Figure 1: An example architecture that includes domain controllers and QuickBooks hosted on EC2 and Amazon WorkSpaces for user virtual desktops

Figure 1: An example architecture that includes domain controllers and QuickBooks hosted on EC2 and Amazon WorkSpaces for user virtual desktops

Configure DNS Firewall

DNS Firewall domain lists currently include two managed lists to block malware and botnet command-and-control networks, and you can also bring your own list. Your list can include any domain names that you have found to be malicious and any domains that you don’t want your workloads connecting to.

To configure DNS Firewall domain lists (console)
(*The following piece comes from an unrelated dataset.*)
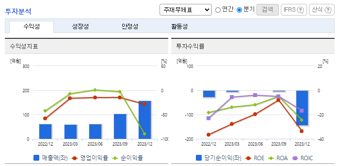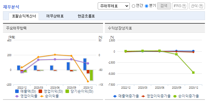 -2023년 12월 전년동기 대비 연결기준 매출액은 8.3% 증가, 영업손실은 20.8% 증가, 당기순손실은 38.2% 증가. 수익성이 높은 AI스피커 매출이 급격히 감소하면서 동사의 매출은 악화됨. 연결 실적 기준 매출은 올랐지만, 동사의 별도 매출은 크게 감소하였음. AI 스피커의 경우 네이버를 통해 LG U+ 에 공급하고 있으며, 네이버는 통신사, 온라인, 오프라인등 다양한 채널을 통해 제품을 판매 중임.

  1. Open the Amazon VPC console.
  2. In the navigation pane, under DNS Firewall, choose Domain lists.
  3. Choose Add domain list to configure a customer-owned domain list.
  4. In the domain list builder dialog box, do the following.
    1. Under Domain list name, enter a name.
    2. In the second dialog box, enter the list of domains you want to allow or block.
    3. Choose Add domain list.

When you create a domain list, you can enter a list of domains you want to block or allow. You also have the option to upload your domains by using a bulk upload. You can use wildcards when you add domains for DNS Firewall. Figure 2 shows an example of a custom domain list that matches the root domain and any subdomain of box.com, dropbox.com, and sharefile.com, to prevent users from using these file sharing platforms.
 

Figure 2: Domains added to a customer-owned domain list

Figure 2: Domains added to a customer-owned domain list

To configure DNS Firewall rule groups (console)

  1. Open the Amazon VPC console.
  2. In the navigation pane, under DNS Firewall, choose Rule group.
  3. Choose Create rule group to apply actions to domain lists.
  4. Enter a rule group name and optional description.
  5. Choose Add rule to add a managed or customer-owned domain list, and do the following.
    1. Enter a rule name and optional description.
    2. Choose Add my own domain list or Add AWS managed domain list.
    3. Select the desired domain list.
    4. Choose an action, and then choose Next.
  6. (Optional) Change the rule priority.
  7. (Optional) Add tags.
  8. Choose Create rule group.

When you create your rule group, you attach rules and set an action and priority for the rule. You can set rule actions to Allow, Block, or Alert. When you set the action to Block, you can return the following responses:

  • NODATA – Returns no response.
  • NXDOMAIN – Returns an unknown domain response.
  • OVERRIDE – Returns a custom CNAME response.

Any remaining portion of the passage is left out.